Keurig Facing $600 Million Lawsuit for 2.0

Photo of a 2.0 brewers stacked in a shop

Club Coffee, one of Canada’s largest coffee producers, has launched a $600M lawsuit again Keurig Mountain Coffee Inc. as a result of Keurig introducing its new 2.0 series of coffee brewers and what Club Coffee claims to be anti-competitive behavior. This type of behavior is deemed to have taken place where a firm’s actions lead to “higher prices, reduced quality or levels of service, or less innovation” (Federal Trade Commission, 2014).

The lawsuit centers around Keurig’s use of radio frequency identification (RFID) and the special ultraviolet ink used on its new coffee pods. Also known as “invisible ink”, this approach enables information and identification markings to be invisible to the naked eye, but visible and readable through ultraviolet light readers – such as Keurig is using in its new 2.0 brewers. Through this technology, and not sharing with firms that produce third part K Cups, Keurig is able to rebuild the exclusivity that it once had in being the sole suppliers of pods for its machines.
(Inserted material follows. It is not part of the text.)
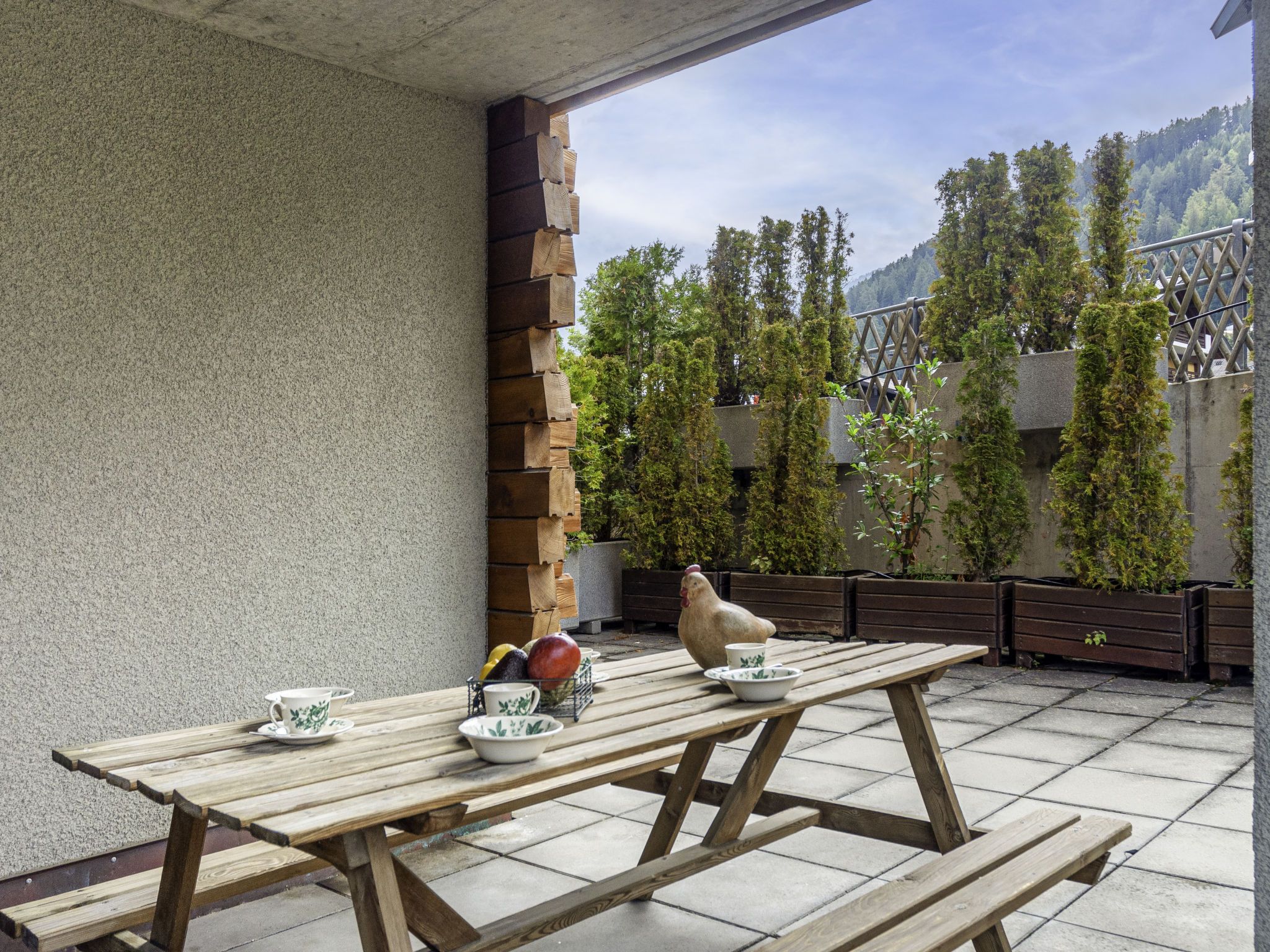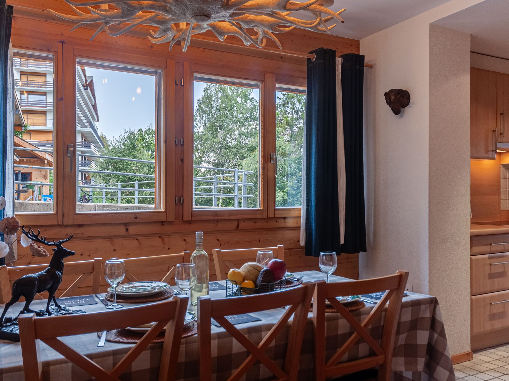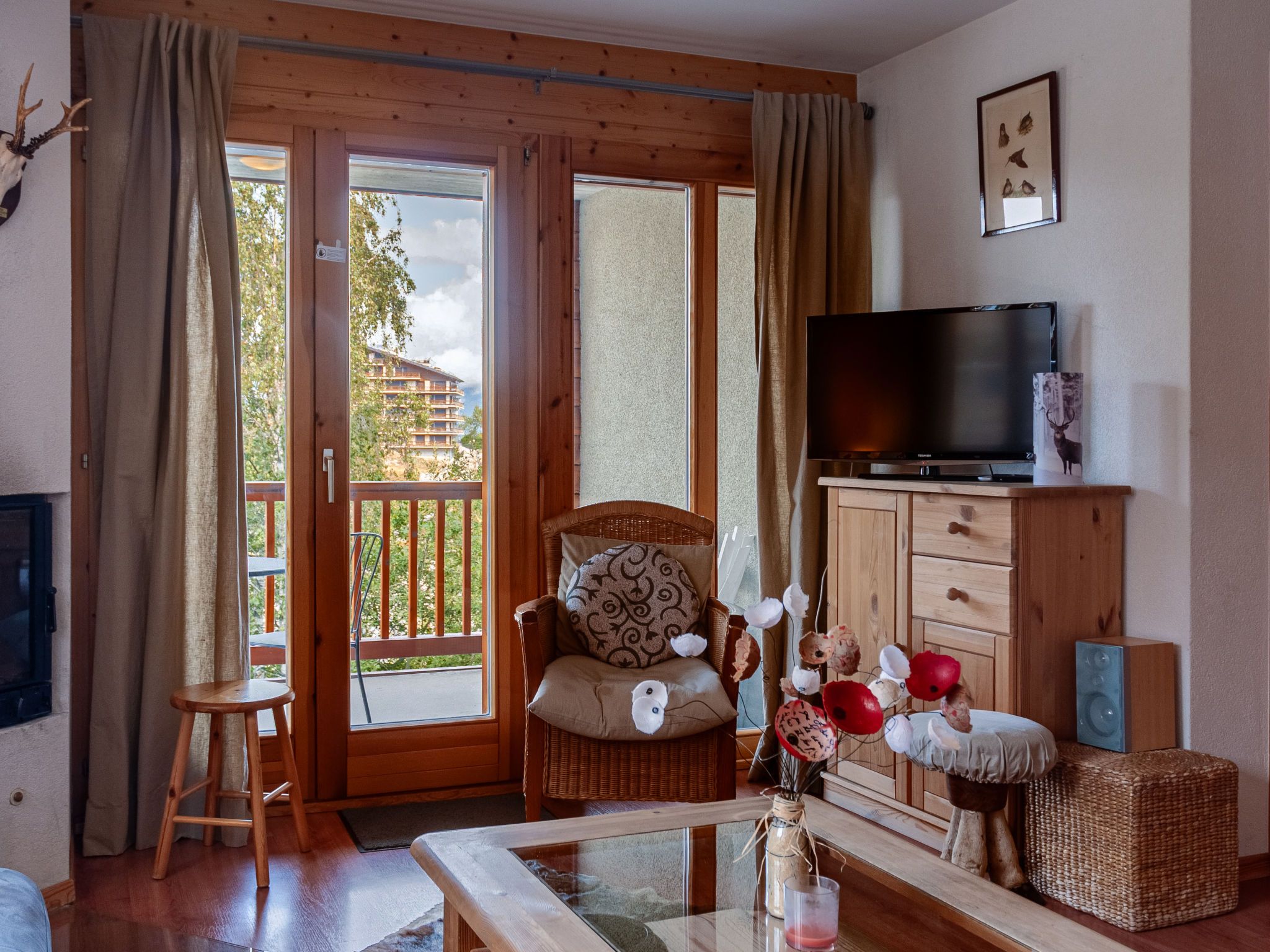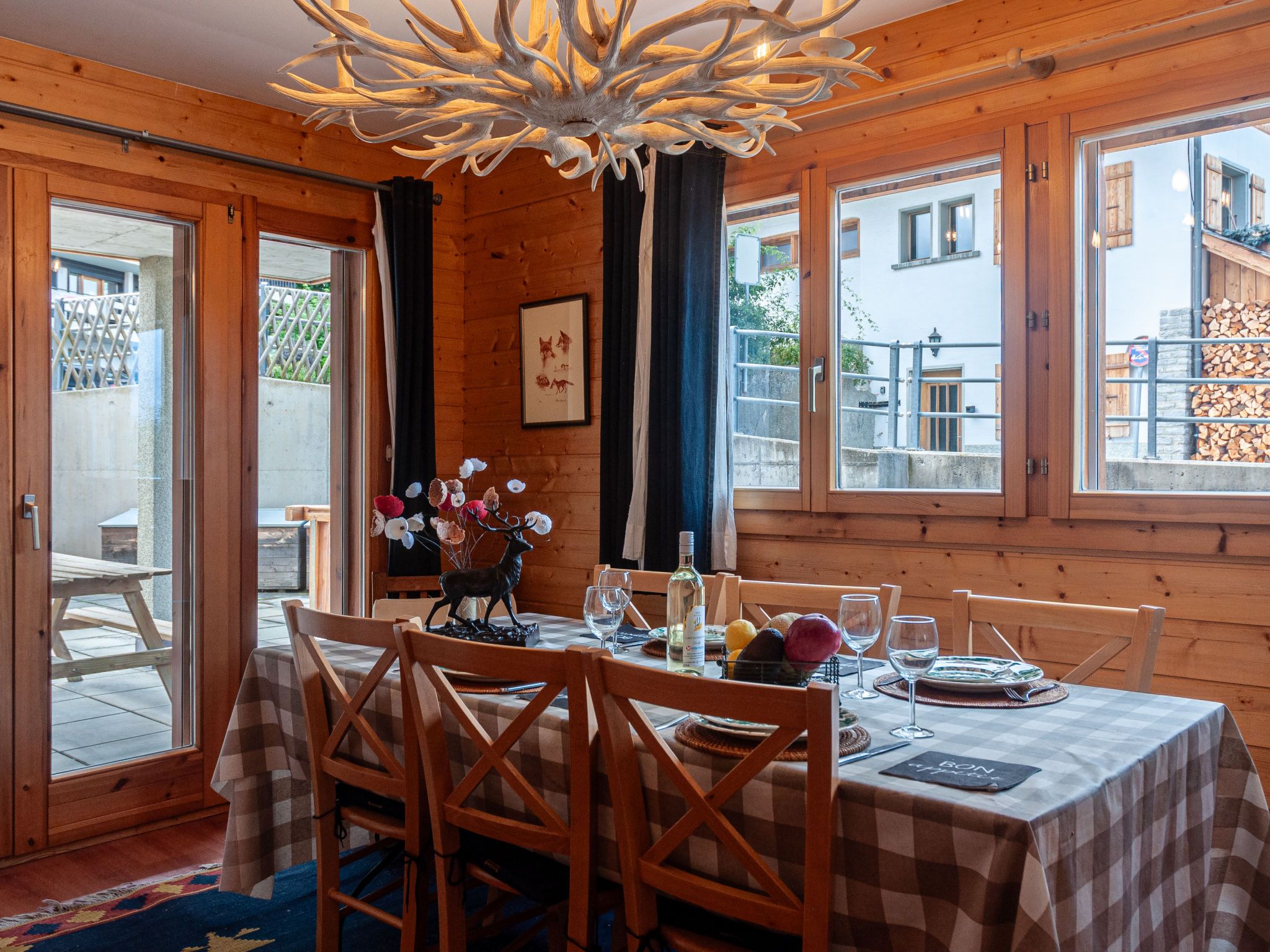 Les Chouettes 4, 3-Zimmer-Wohnung 80 m2, im Erdgeschoss. Komfortabel eingerichtet: Wohn-/Esszimmer. Ausgang zur Terrasse. Salon mit offenem Kamin, Kabel-TV und Stereoanlage. Ausgang zur Terrasse. 2 Zimmer, jedes Zimmer mit 2 Betten (90 cm, Länge 190 cm). Offene Küche (Backofen, Geschirrspüler, Toaster, Wasserkocher, Mikrowelle, elektrische Kaffeemaschine, Kapseln für die Kaffeemaschine (Nespresso) extra, Racletteofen, Fondue Set (Chinoise, Käse)). Bad/WC, Dusche/WC. Terrasse 40 m2, Südlage Terrasse 12 m2, Nordwestlage. Terrassenmöbel. Schöne Sicht auf die Ortschaft. Zur Verfügung: Internet (Wireless LAN, gratis). Parkplatz Nr. 4. Bitte beachten: Nichtraucher-Unterkunft.

Back in 2012 Keurig’s patent expired on its pod technology, which in turn opened up the market to third party producers. As a result this was great news for consumers as it saw the general price of pods it could use reduce and the variety and quality improve. Of course for Keurig it found itself in a much more competitive market with pressure on its ability to move price without adversely affective market share. As a result Keurig’s growth in the single cup coffee market has largely been driven by the overall market growing rather than it maintaining or increasing its market share.

Competitors points to this fact through the rise in prices, around 9%, of the new pods compared to those that can be used on Keurig’s older brewers and for which third parties currently supply the market with.

And there is precedence in the coffee industry for such legal action and I’m sure which Keurig are well aware of. Back in April 2014 Nespresso took a similar approach in trying to exclude third parties being able to supply to the market pods for its proprietary brewers. However the French government took a very dim view of this and launched a formal state review of Nspresso’s actions and whether it was anti-competitive in nature.

Although Keurig are confident of the robustness of its technology and the ability to defend against the lawsuit, companies such as Club Coffee and Mother Parkers claim they have already cracked the code required to read the pods and will be launching their own capsules sometime later in the year.

It will be interesting to see how this “little” battle pans out. But one thing we can probably be assured of as consumers of coffee using the pod systems, more competitors in the market will mean greater variety and better quality for us.